I am using MPlus 7.0 to run a factor analysis on a set of survey item data measuring positive traits. I have used both oblique and orthogonal rotations and also have run it as a bifactor model. I ask for a 2 to 15 factor solution in each case.

The results always come back that the last half of the factors for any given factor solution yields loadings that are extremely low. For example, if I look at a 7 factor solution, the last 4 factors will come back with very low loadings, so low that none of the items are even cross loading onto them (assuming >.32 loading criterion). All the items load much more strongly on one or more of the first three. This pattern persists if I look at the 3 factor solution: the last factor does not have any high loadings on it.

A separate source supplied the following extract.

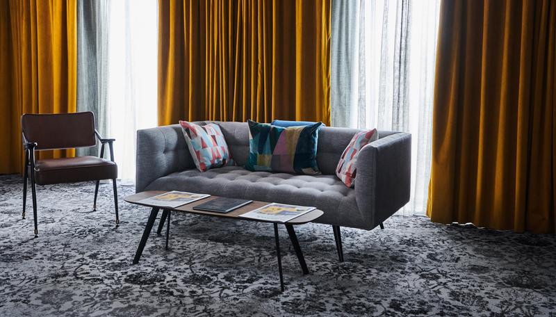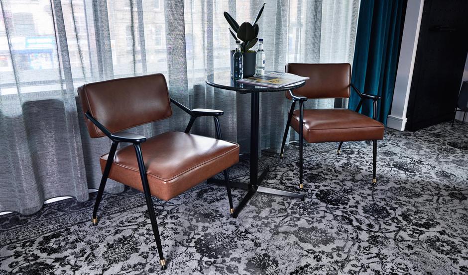 Brintons bespoke Persian style carpets are seen throughout the hotel and really enhance the interiors. I particularly like the way in which the designs created for the function room and corridor carpets incorporate transport networks of Manchester and Brooklyn, making it truly unique to the hotel.

What could be causing this?

  • $\begingroup$ What does the 3rd factor look like in the 7 factor solution? What about the 1st factor in each? If the 1st factor is taking a lot of variance, the rest may be noise. How many items in the survey? $\endgroup$
    – Peter Flom
    Commented Jan 19, 2014 at 22:47

1 Answer 1


You are likely attempting to extract too many factors from your item pool. If you have reason to believe that certain items should load to certain factors, then switch to a CFA approach. However, if you don't have a reasonable belief as to which items the factors should load, then stick with the CFA. How many factors to extract and what criteria to use is somewhat controversial. In the early 90s there were substantial discussions about this in reference to the EFA vs PCA debate. I can't find a clear consensus piece about what to do but instead do a bit of what all camps suggest. When I do a factor analysis, I use the following criteria: 1) Run the EFA.
2) Run Glorfeld's extension of Horn's Parallel Analysis and Velicer's Minimum Average Partials (MAP) test. See O'Connor's websitefor easy to use syntax. Examine the Scree Plot.
3) If I'm lucky, then all will be in agreement about the number of factors to use.
4) Examine the rotated solution to see if it makes sense (Personally, I always use oblique rotations because I'm doing exploratory analyses and it makes no sense to me to constrain the model to be orthogonal).
5) Re-run the model extracting 1 more factors. Examine the rotated solution.
6) Repeat 5 until the solution is clearly no good.
7) Aim to have a solution that makes conceptual sense and has at least 3-4 indicators per factor. 8) Extra factors where only 2 items load might indicate local dependence (check item wording/content).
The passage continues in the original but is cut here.